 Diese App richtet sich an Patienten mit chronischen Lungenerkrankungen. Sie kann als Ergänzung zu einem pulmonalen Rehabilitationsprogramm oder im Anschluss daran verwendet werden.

==

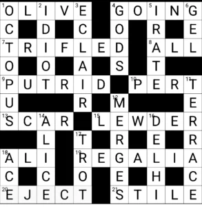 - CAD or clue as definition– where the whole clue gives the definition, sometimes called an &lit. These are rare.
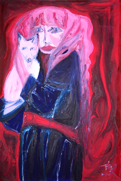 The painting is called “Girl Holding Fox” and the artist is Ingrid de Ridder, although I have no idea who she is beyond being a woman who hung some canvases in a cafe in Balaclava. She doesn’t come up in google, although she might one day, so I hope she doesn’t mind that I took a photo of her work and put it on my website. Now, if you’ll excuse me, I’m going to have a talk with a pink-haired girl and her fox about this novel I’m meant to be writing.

* * *

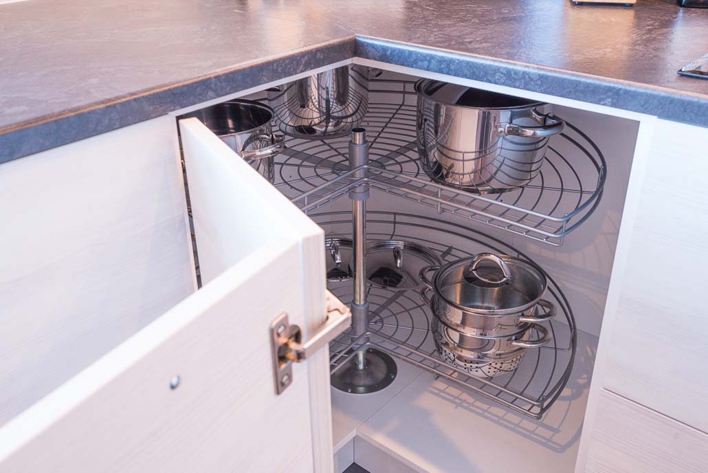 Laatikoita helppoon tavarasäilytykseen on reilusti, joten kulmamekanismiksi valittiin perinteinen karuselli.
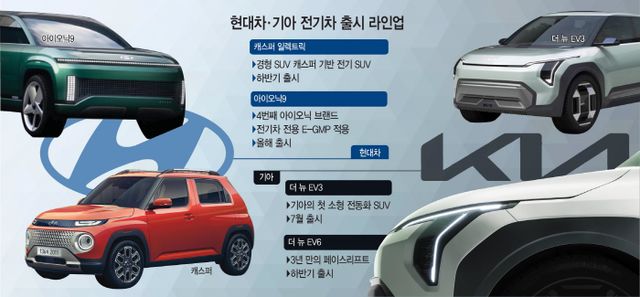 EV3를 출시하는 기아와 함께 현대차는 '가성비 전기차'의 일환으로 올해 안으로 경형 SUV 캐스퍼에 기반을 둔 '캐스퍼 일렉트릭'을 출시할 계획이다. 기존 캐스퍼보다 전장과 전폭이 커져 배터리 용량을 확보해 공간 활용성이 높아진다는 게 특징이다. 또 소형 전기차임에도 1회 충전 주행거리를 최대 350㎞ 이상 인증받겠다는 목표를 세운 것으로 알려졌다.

AIM OF THE EXERCISE:
Copy everything above from the line holding "Laatikoita helppoon tavarasäilytykseen" down to the line holding "EV3를 출시하는 기아와", both ends included, exactly as it stands and without the pictures.

SOLUTION FOR THIS PROBLEM:
 Laatikoita helppoon tavarasäilytykseen on reilusti, joten kulmamekanismiksi valittiin perinteinen karuselli.
 EV3를 출시하는 기아와 함께 현대차는 '가성비 전기차'의 일환으로 올해 안으로 경형 SUV 캐스퍼에 기반을 둔 '캐스퍼 일렉트릭'을 출시할 계획이다. 기존 캐스퍼보다 전장과 전폭이 커져 배터리 용량을 확보해 공간 활용성이 높아진다는 게 특징이다. 또 소형 전기차임에도 1회 충전 주행거리를 최대 350㎞ 이상 인증받겠다는 목표를 세운 것으로 알려졌다.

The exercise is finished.